Assigned task:
Retype, word for word, the line holding "Rolleston – строгое" and each line after it down to the end of the data; pictures are not copied.

Data items
::::

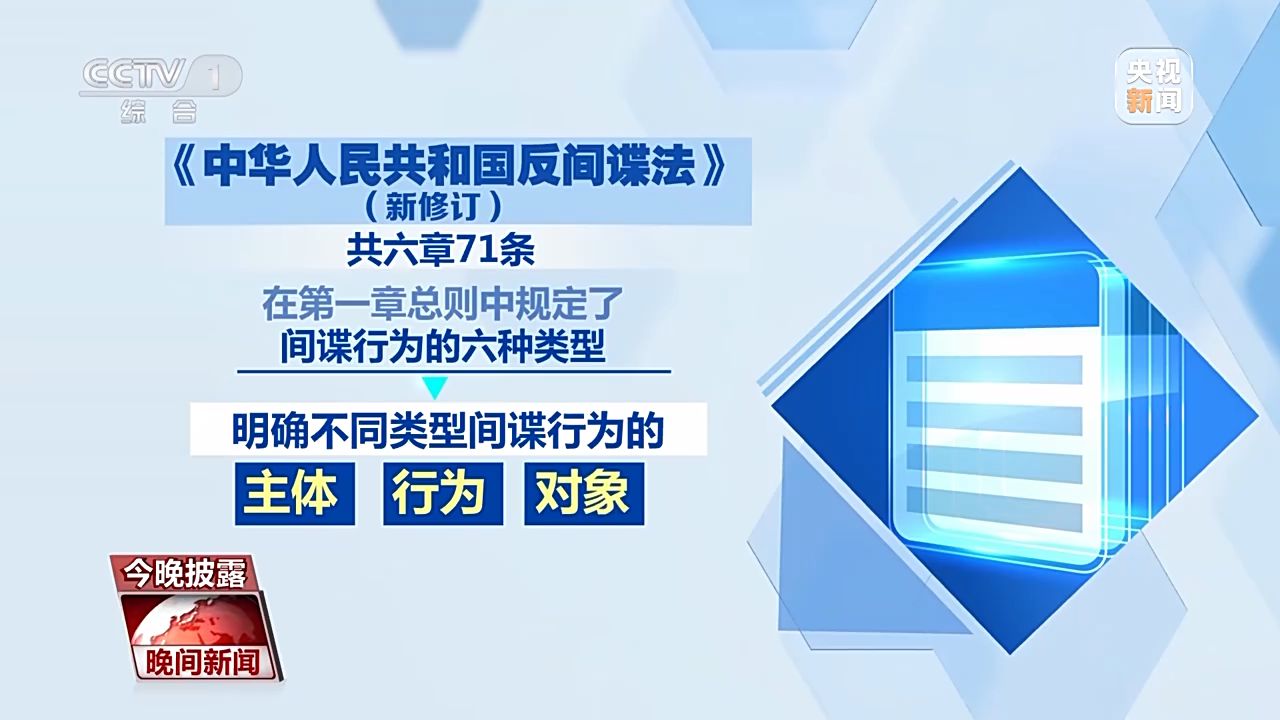 國家安全是安邦定國的重要基石。近年來,我國面臨的安全威脅日趨多元,反間諜斗爭形勢也更加嚴峻復雜。從本月起,新修訂的《反間諜法》開始施行。新法對間諜行為,做出進一步充實和細化。那么按照新法,哪些行為將被認定為間諜行為?作為普通群眾,一旦發(fā)現(xiàn)間諜行為,又該如何處理呢?今晚披露,一塊來關(guān)注。
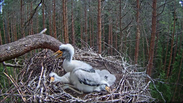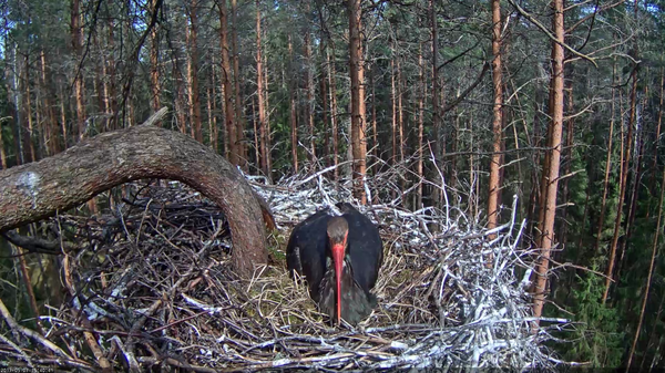 Гнездо черного аиста в диком лесу - онлайн трансляция
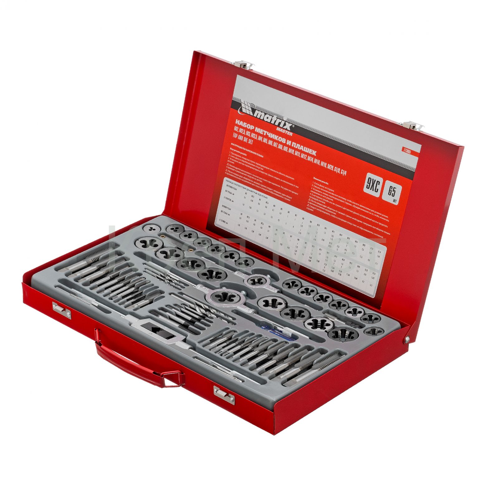 Набор метчиков и плашек М2-М20, 65 шт, металлический кейс Matrix
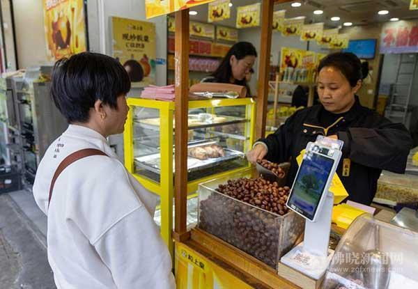 小店門口,一位帶著孩子的寶媽買了一份剛出鍋的板栗,當(dāng)場剝了一粒給孩子。這位寶媽說:“板栗熱乎乎的時候最好吃,這里的板栗甜甜的,軟軟的,口感很不錯。”
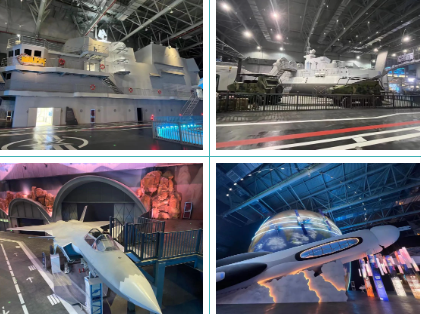 以先進(jìn)武器裝備為原型,館內(nèi)建有全比例、高比例航母艦島、核潛艇、奮斗者號載人深潛器、殲20飛機(jī)、運20飛機(jī)、天宮空間站、星火號宇宙飛船、99A坦克等,集成聲光電、虛擬現(xiàn)實、動感平臺等對標(biāo)國際一線主題樂園的體驗技術(shù),采用多種體驗形式和手段,編制精彩成長歷險故事,以主題游樂、研學(xué)教育、科普展示、文創(chuàng)商業(yè)等多種業(yè)態(tài),為游客帶來一場高科技、新技術(shù)的軍事主題沉浸體驗。
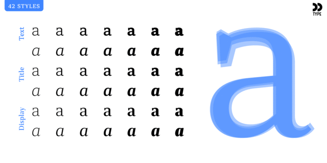 Rolleston – строгое шрифтовое семейство с клиновидными засечками. Гарнитура содержит 42 начертания, по 14 для трех оптических размеров: Text, Title, и Display.
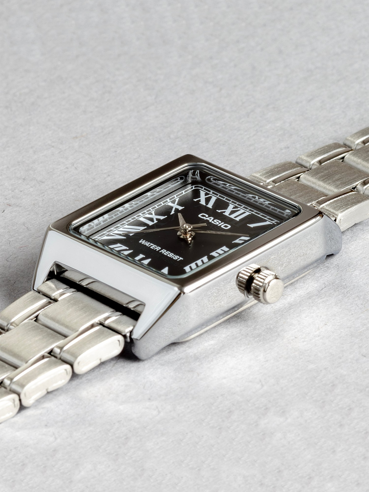 Классические женские часы Casio с прямоугольным корпусом. Точность хода обеспечивает японский кварцевый механизм. Батарейка SR626SW рассчитана на 3 года. Браслет с раскладывающейся застежкой, обхват запястья от 125 до 185 мм. Вес часов 51 грамм. Гарантия 1 год.

::::

Problem solution:
 Rolleston – строгое шрифтовое семейство с клиновидными засечками. Гарнитура содержит 42 начертания, по 14 для трех оптических размеров: Text, Title, и Display.
 Классические женские часы Casio с прямоугольным корпусом. Точность хода обеспечивает японский кварцевый механизм. Батарейка SR626SW рассчитана на 3 года. Браслет с раскладывающейся застежкой, обхват запястья от 125 до 185 мм. Вес часов 51 грамм. Гарантия 1 год.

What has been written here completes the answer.